Let’s take a look at each question:

How much can you make?

This depends on where you live, and therefore the limitations of how many children you are allowed, by law, to care for in your home with a license. For example, in Canada, you are allowed to care for up to six children. If your own children are under the age of six then you need to count them in your numbers.  So you might have five daycare children and one of your own for a total of six children.  Licensed childcare providers need to follow the rules and regulations of the Child Care and Early Years Act.  Five paying children at $45 a day would be $1125.00 a week.

Is it profitable?

Yes. It is a wonderful way to make a respectable income at home while contributing to the lives of young children. If you have children of your own it is a fantastic way to combine being an engaged and involved parent while also operating your own business. It also saves you paying someone else for childcare.

Is it a steady income?

No.  Daycare families will come and go.  People move, go on maternity leave, change school zones, etc.  If you realize this factor and create some safeguards it won’t affect your income as much.

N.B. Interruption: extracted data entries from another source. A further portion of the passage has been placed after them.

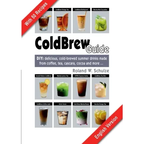 ColdBrew, what is it? Unlike the normal coffee preparation with hot water, for this brewing method cold water is used. This is the cognac-coloured liquid that the Dutch merchants had already discovered in the 17th century. ColdBrew originated as a coffee extract that can be diluted with water as a basis for mixed drinks or cocktails. The aromatic substances released in the cold water have a truly distinctive and indeed much richer taste than cooled, originally hot-brewed coffee. It is possible to brew both green tea and cascara (the dried pulp of the coffee fruit) cold, as well as exquisite cacao nibs. This makes very delicious basis for summer cocktails, both with and without alcohol. With this book, we would like to introduce you to 50 of the best and most tempting, easy to prepare, summer drinks. In addition, we provide a lot of useful information about the pleasures of drinking, ice-cube creations, drinking rituals and the appropriate types of drinking glasses. Experience an extraordinary and creative taste sensation!
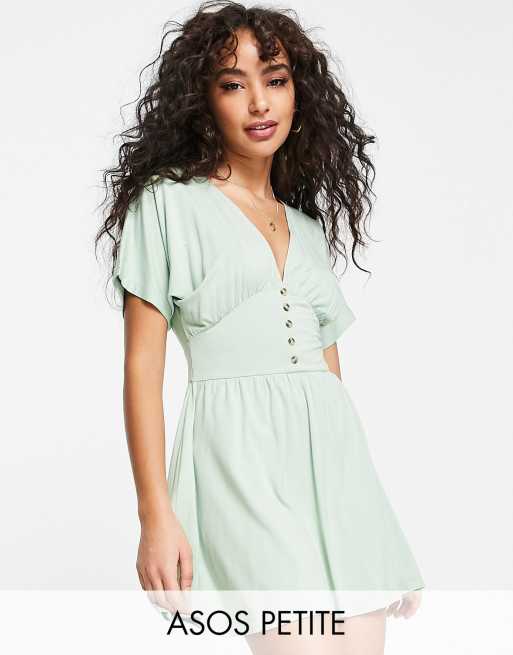 ASOS DESIGN Petite – Tailliertes Mini-Freizeitkleid in Salbeigrün mit Knöpfen
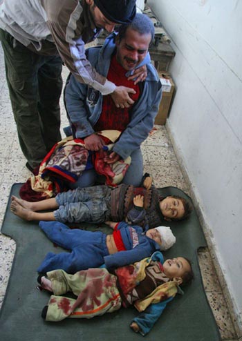 According to the news where i got the photo above, 3 Hamas militans(!) killed by Israel. See the photo, The dead militans father is crying next to his childrens body.
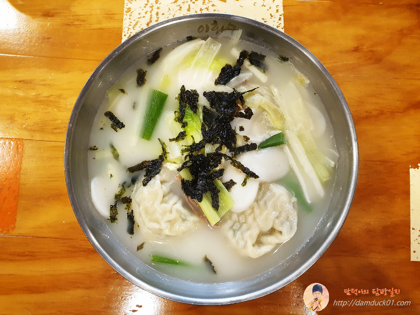 진한 사골 국물에 커다란 만두가 3개랑 떡들이 들어있고요.
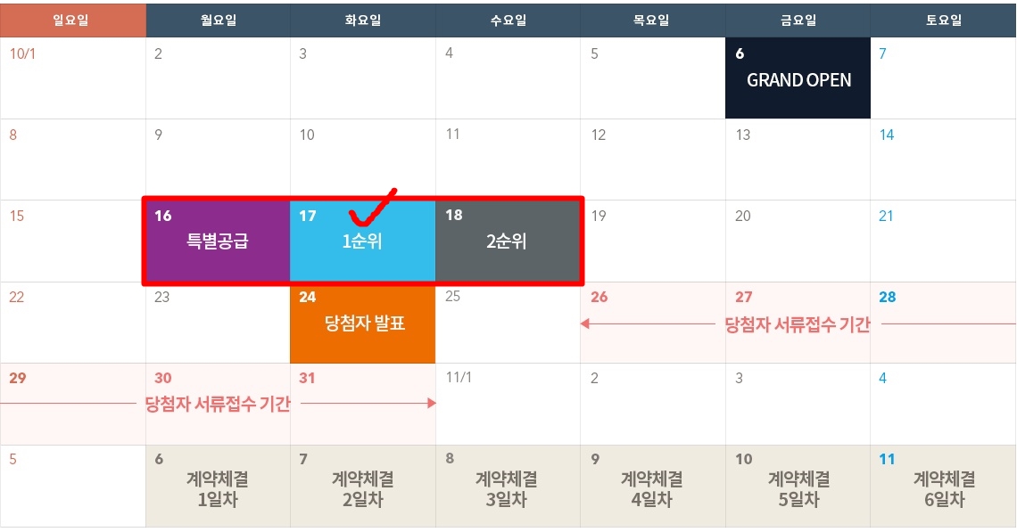 특별공급 10.16(월), 1순위 : 10월 17일(화), 당첨자 발표 : 10월 24일(화)
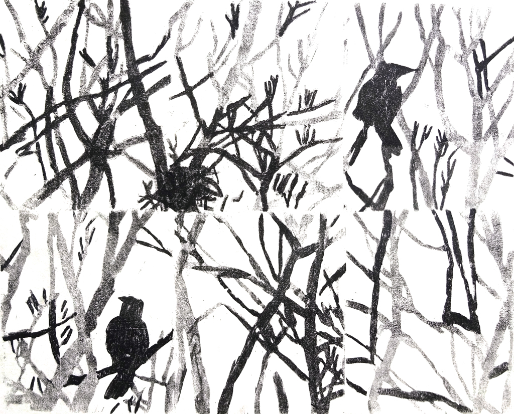 Image: Emily Simson, Early Lookout, Lino print, unique state, 41cm x 46cm
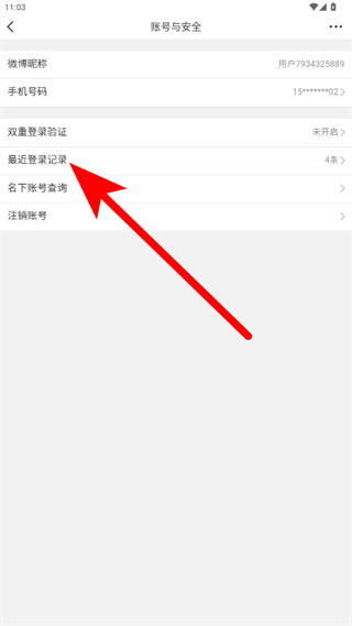 4、在賬號與安全頁面點(diǎn)擊最近登錄記錄,即可查看微博的最近登錄記錄。
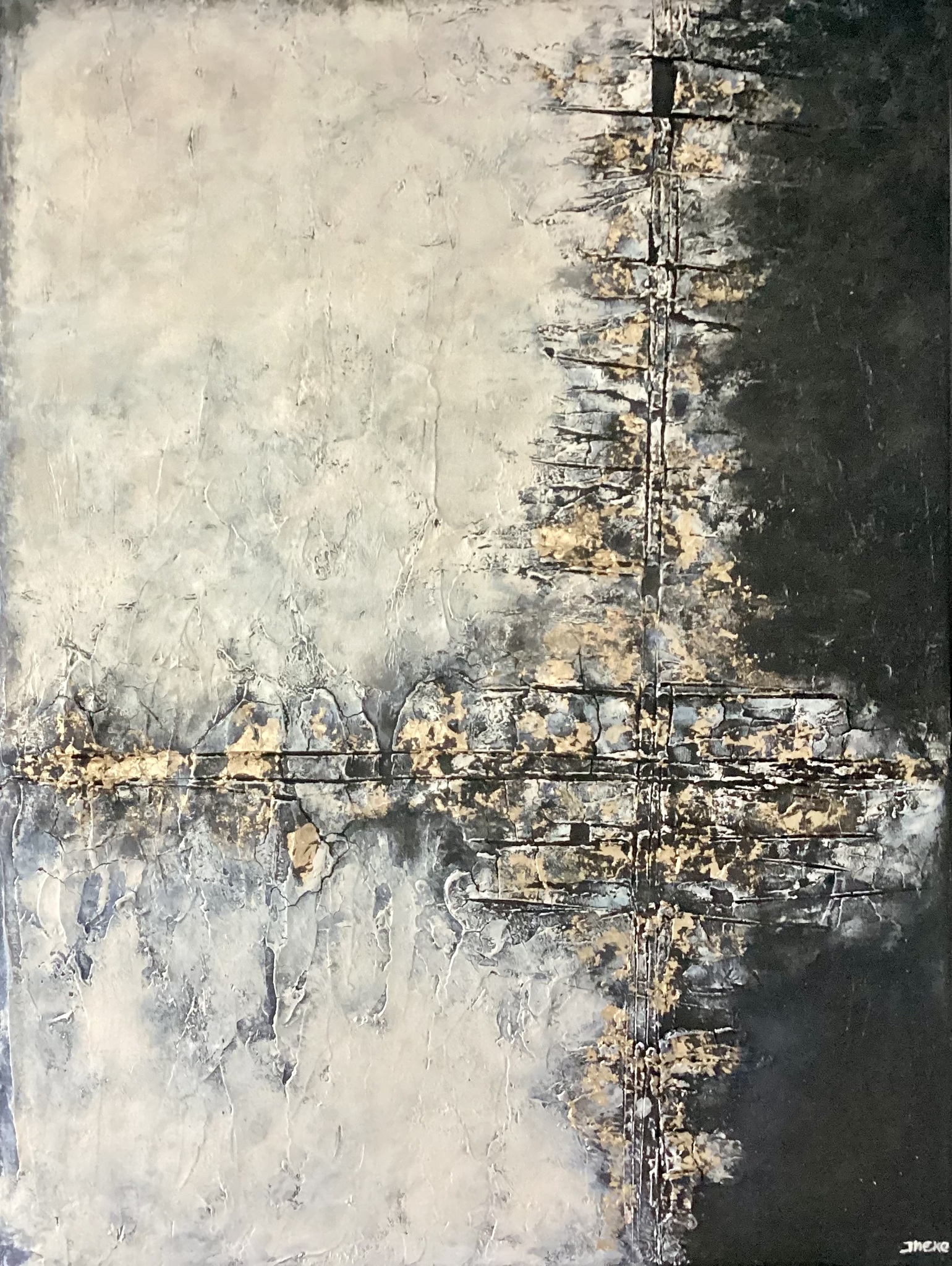 Abstract Grijs Zwart Acryl Goud Doek Op Pasta Ecru Craquelé
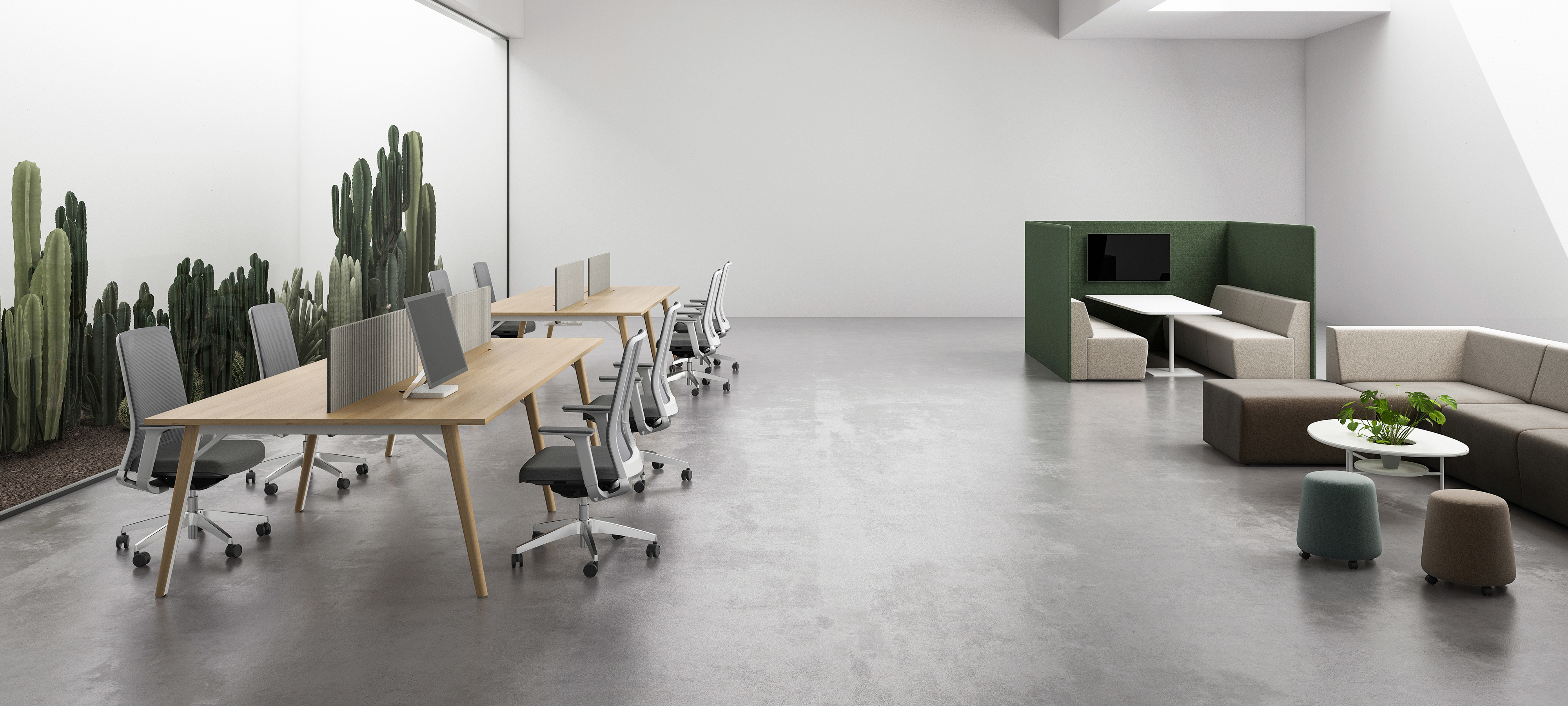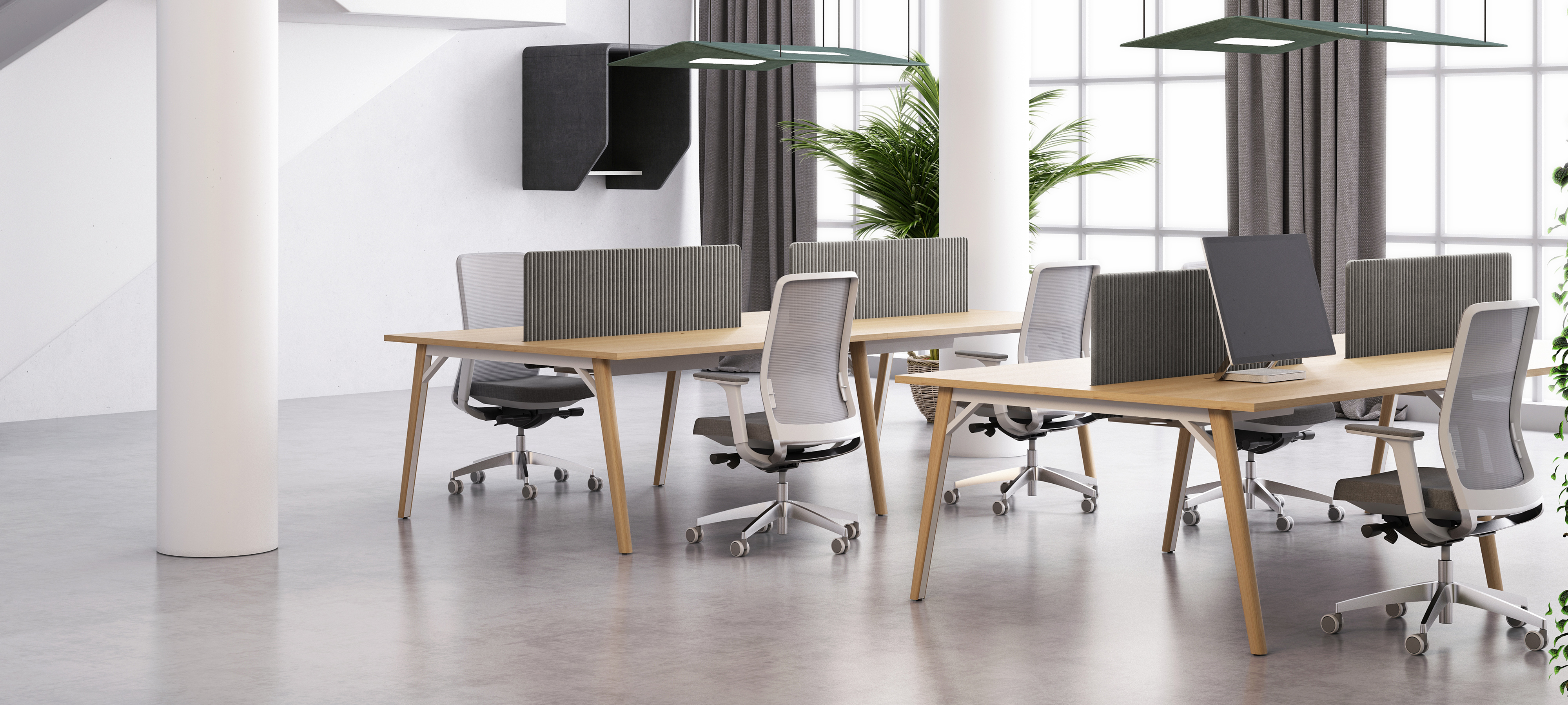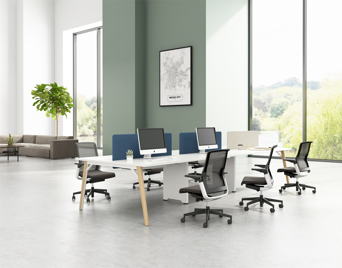 整个系列的细节,丰富且人性化:治愈系的波浪纹外观的屏风和柜门板、简约隐形的黑色磨砂喷涂的拉手、视觉完全统一的桌面走线系统,符合不同空间规划的色彩搭配等设计,让NEXT系列天生自带现代感及亲和力。
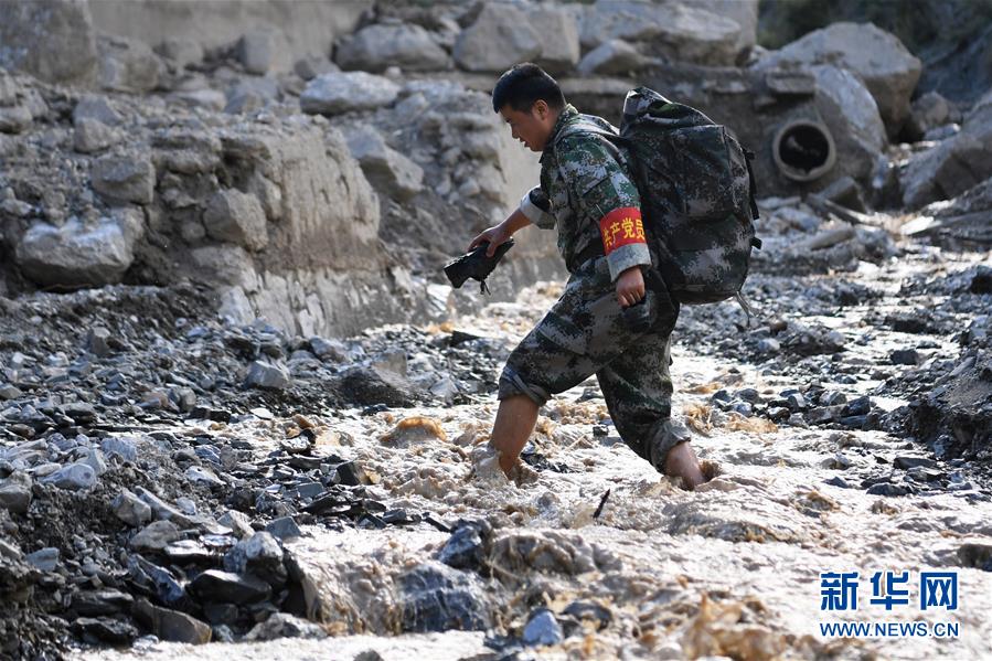 一名抢险救灾党员突击队队员前往受灾严重的舟曲县曲告纳镇莫诺村途中通过涉水路段(8月24日摄)。新华社记者 陈斌 摄
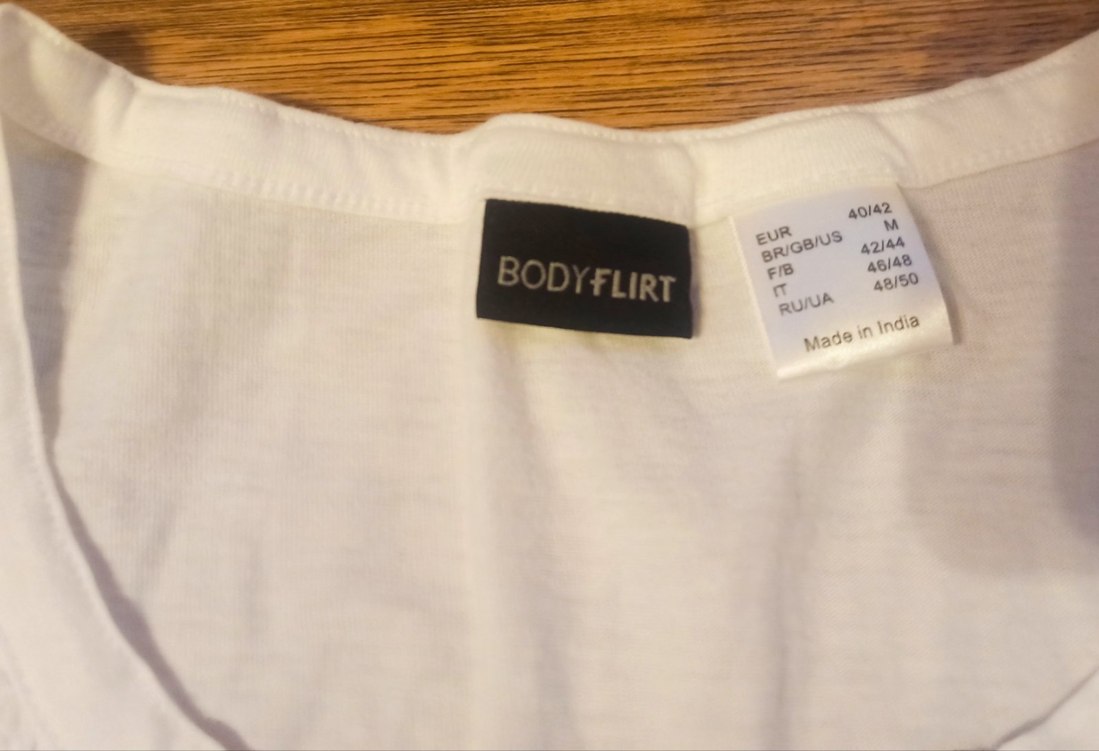 Tričko s krátkym rukávom. Poddajný, elastický materiál. Top stav. Veľkosť píšu 40, ale kľudne aj 38 dobre padne, je voľnejšieho strihu. Farba biela - maslová.
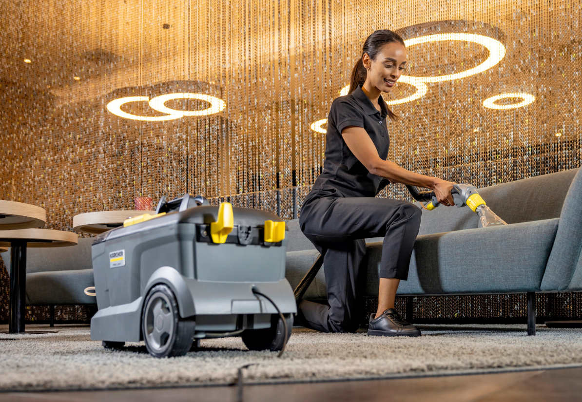 Perfekte Tiefenreinigung textiler Oberflächen. Schnelle Trocknung und Wiederbegehbarkeit dank sehr guter Rücksaugleistung. Exzellentes Reinigungsergebnis mit sichtbarem Vorher-Nachher-Effekt.
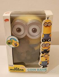 Salvadanaio Minions con confezione originale. Originariamente c'erano incluse delle monete di cioccolato, ma essendo un oggetto di qualche anno fa, non sono più presenti. Usato come salvadanaio vero e proprio è un bellissimo complemento d'arredo. Altezza del Minion circa 15 cm.
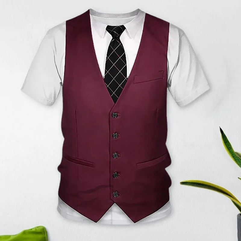 Новинка 2021, футболка с имитацией одежды, футболка для мужчин и мальчиков с 3d Цифровым принтом, летняя модная футболка с коротким рукавом, топ для мужчин, топ с коротким рукавом
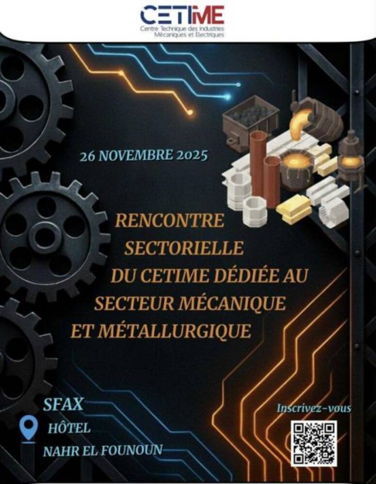 يعتزم المركز الفني للصناعات الميكانيكية والكهربائية، تنظيم الدورة الثالثة من اللقاءات القطاعية، الاربعاء 26 نوفمبر 2025، بمدينة صفاقس.
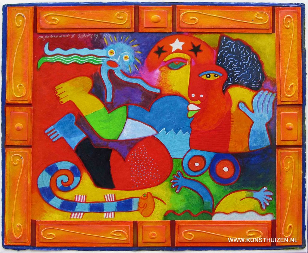 Fraai werk van Clemens Briels. Maakte deze bijzondere Nederlandse kunstenaar eerder al een reproductie met de terragravure- en de aquagravuretechniek, nu heeft hij twee reproducties vervaardigd waarbij hij gebruik heeft gemaakt van de lastige maar uitzonderlijk mooie carborundum-litho techniek! De carborundum-litho is een combinatie van steendruk en reliëfdruk op zeer dik handgeschept papier en, mits goed uitgevoerd, heeft een carborundumlitho een prachtige diepe kleuren en reliëf-accenten. Clemens Briels laat met “El rei de los mares” en “Juan el Pescador” zien dat hij ook deze techniek zeer goed beheerst, het werk heeft de kracht en uitstraling die we van de kunstenaar gewend zijn. Het werk is ingelijst in een mooie bijpassende handgemaakte zilverkleurige lijst voorzien van een zwevend passepartout.
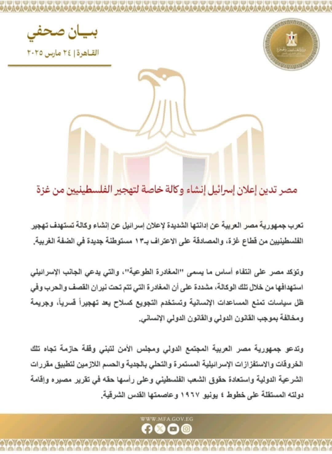 رفضت مصر وقطر بشدة قرار الاحتلال الإسرائيلي إنشاء وكالة خاصة لتهجير الفلسطينيين من قطاع غزة، معتبرتين ذلك انتهاكًا صارخًا للقانون الدولي.
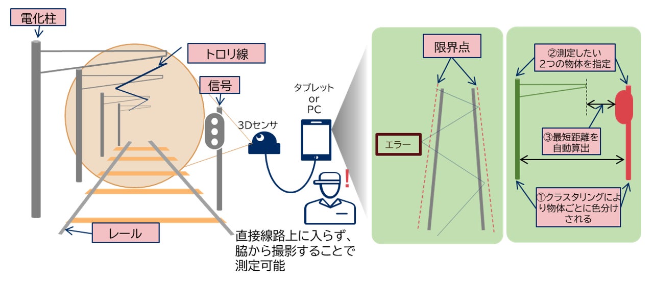 NEC 3次元測量支援ソフトウェアは、離れた場所から点検対象の設備を撮影し、撮影したデータで離隔距離や傾きなど測定することができるソフトウェアです。トロリ線や電化柱など高い場所にある設備点検作業の際に線路に入らずに線路脇などの離れた場所から撮影することで計測ができますので、点検作業の効率化・作業員の安全確保に役立ちます。使用する機材は、3Dセンサとタブレットと持ち運び可能な機材のため、作業員一人でも計測作業が行えます。
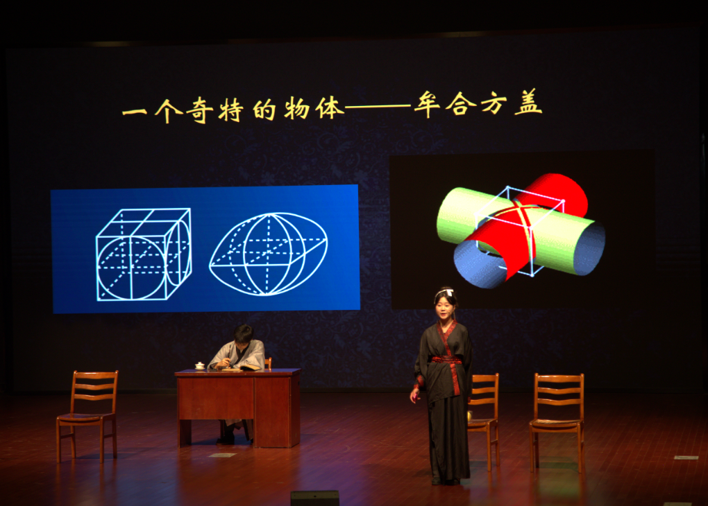 话剧《徽注的世界》由“中学生的思想镜像”与“徽注的世界”两条脉络构成,两条故事线互为对偶,相互补充,将中国古代数学家刘徽的数学思想呈现给大众。演出现场,主创们的精心构思和演员们精湛的表演,在现实与虚幻的转换中带领观众一同前往刘徽《九章算术注》的世界,以精彩的演出致敬中国古典数学的主要奠基人刘徽。
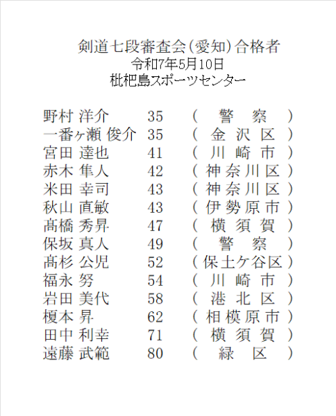 【合格者】剣道七段審査 愛知 (R7.5.10)

Using a contract that includes four weeks notice and care paid in advance helps.  It is also beneficial to maintain a waiting list for upcoming clients.  Strong networking connections with other caregivers will often provide you with new clients when you have a spot opening up. Great advertising helps as well.  Good money management to cover any dry spells helps alleviate stress around losing a daycare client.  Fantastic daycare providers are always in high demand. If you provide high quality care, there will be families out there waiting for a spot.

Will it be enough money in my situation?

If you have a child or children currently and you are paying someone else for childcare then you have an idea what daily childcare costs.  Depending on your situation and your regular income, then home daycare might be more profitable or at least comparable for you.

A few factors to keep in mind while you crunch the numbers.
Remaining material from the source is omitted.